→ Work to complete
From the line containing "- SUPERIOR BEADING" to the line containing "El ventilador Airflow patentado" in the records below, set down every line exactly as it stands, both ends included, and skip the pictures.

(Source information Opens)

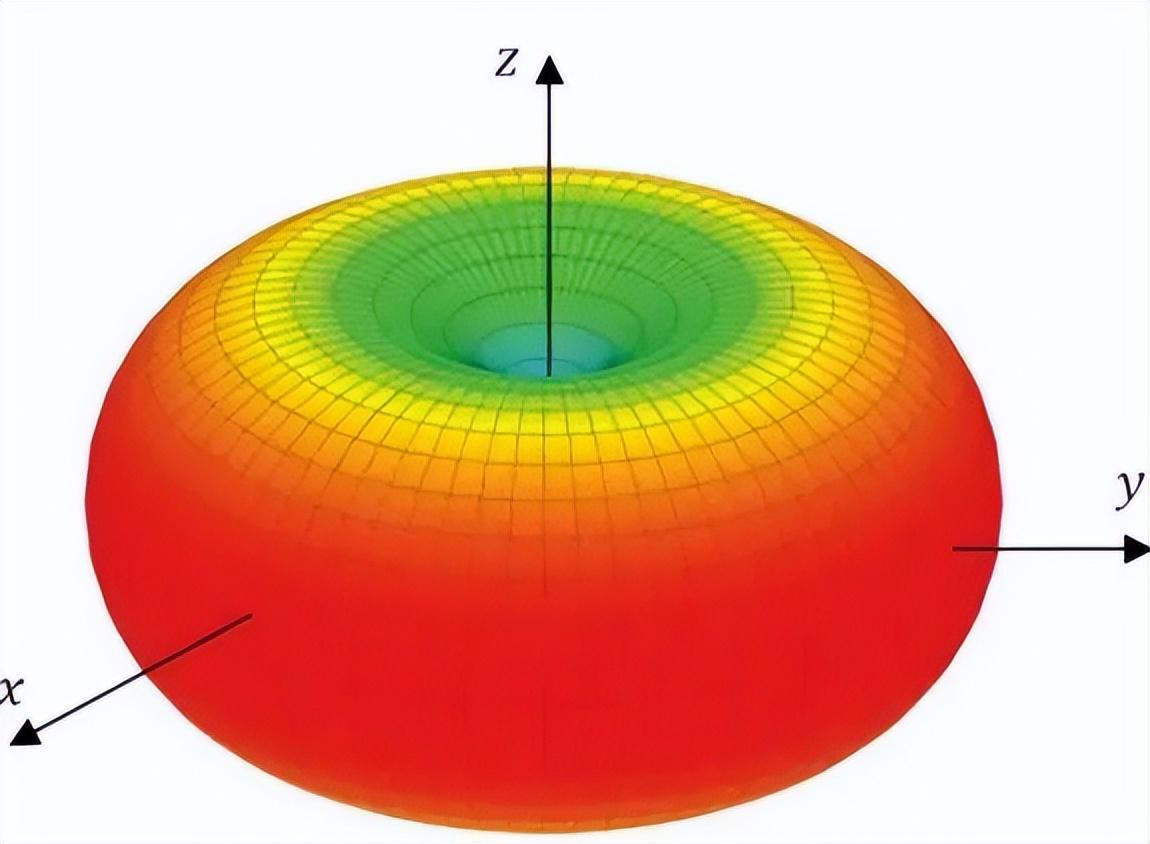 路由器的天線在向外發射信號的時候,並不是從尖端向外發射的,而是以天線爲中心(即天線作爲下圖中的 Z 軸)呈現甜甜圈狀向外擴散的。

(Source information Closes)
(Source information Opens)

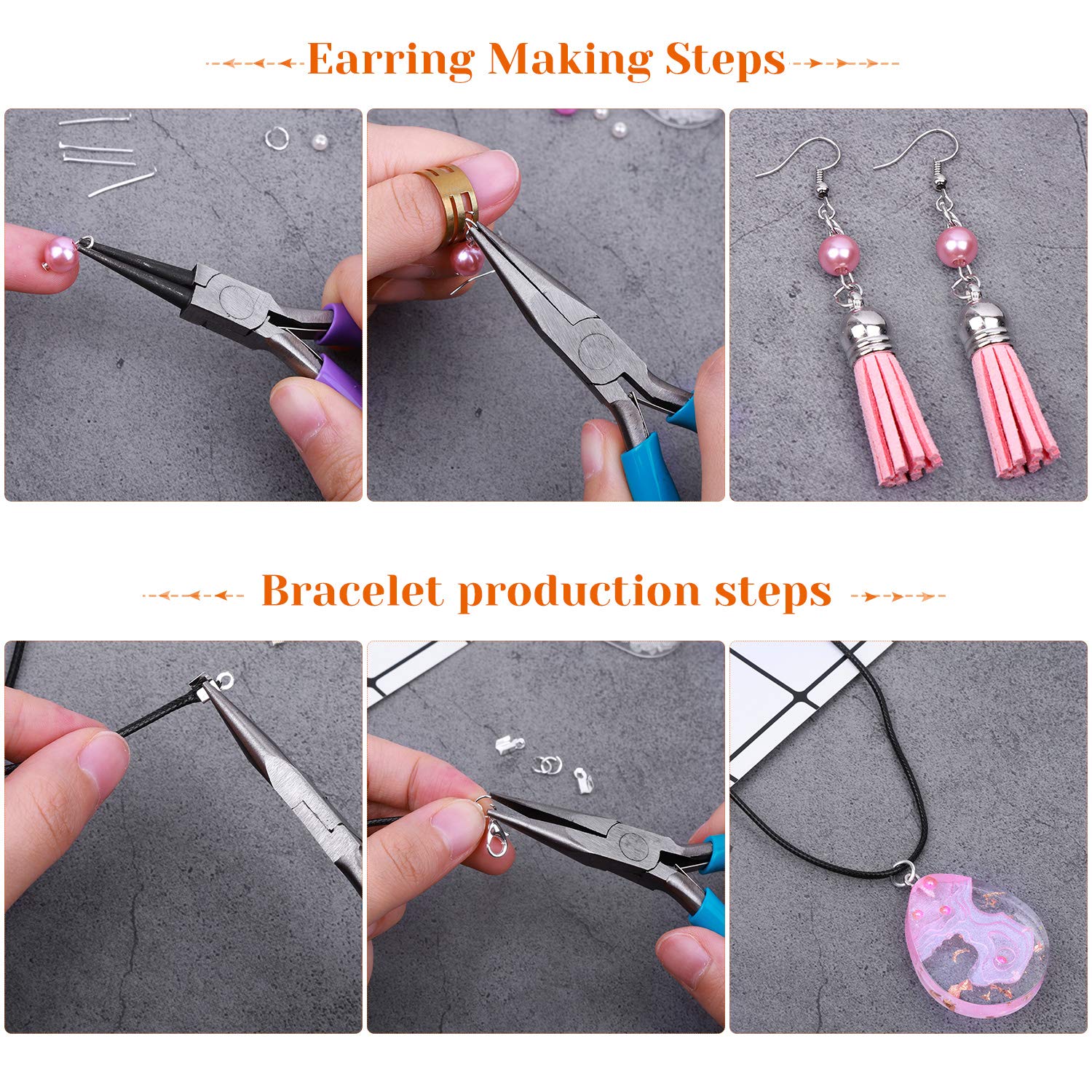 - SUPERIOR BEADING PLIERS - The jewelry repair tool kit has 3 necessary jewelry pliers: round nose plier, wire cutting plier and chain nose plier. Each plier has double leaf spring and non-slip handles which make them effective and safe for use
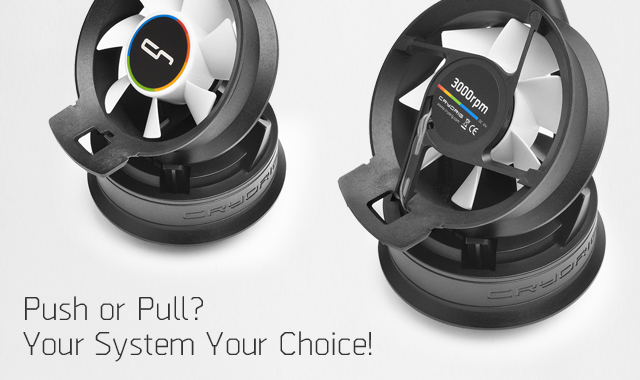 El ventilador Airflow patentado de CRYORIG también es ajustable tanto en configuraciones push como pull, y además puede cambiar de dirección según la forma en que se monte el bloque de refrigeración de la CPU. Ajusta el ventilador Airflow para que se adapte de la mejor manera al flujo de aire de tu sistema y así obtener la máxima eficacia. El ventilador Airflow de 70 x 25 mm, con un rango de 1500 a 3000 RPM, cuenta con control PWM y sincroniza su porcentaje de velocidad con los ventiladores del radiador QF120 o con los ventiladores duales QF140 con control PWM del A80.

(Source information Closes)

→ Exercise answer
 - SUPERIOR BEADING PLIERS - The jewelry repair tool kit has 3 necessary jewelry pliers: round nose plier, wire cutting plier and chain nose plier. Each plier has double leaf spring and non-slip handles which make them effective and safe for use
 El ventilador Airflow patentado de CRYORIG también es ajustable tanto en configuraciones push como pull, y además puede cambiar de dirección según la forma en que se monte el bloque de refrigeración de la CPU. Ajusta el ventilador Airflow para que se adapte de la mejor manera al flujo de aire de tu sistema y así obtener la máxima eficacia. El ventilador Airflow de 70 x 25 mm, con un rango de 1500 a 3000 RPM, cuenta con control PWM y sincroniza su porcentaje de velocidad con los ventiladores del radiador QF120 o con los ventiladores duales QF140 con control PWM del A80.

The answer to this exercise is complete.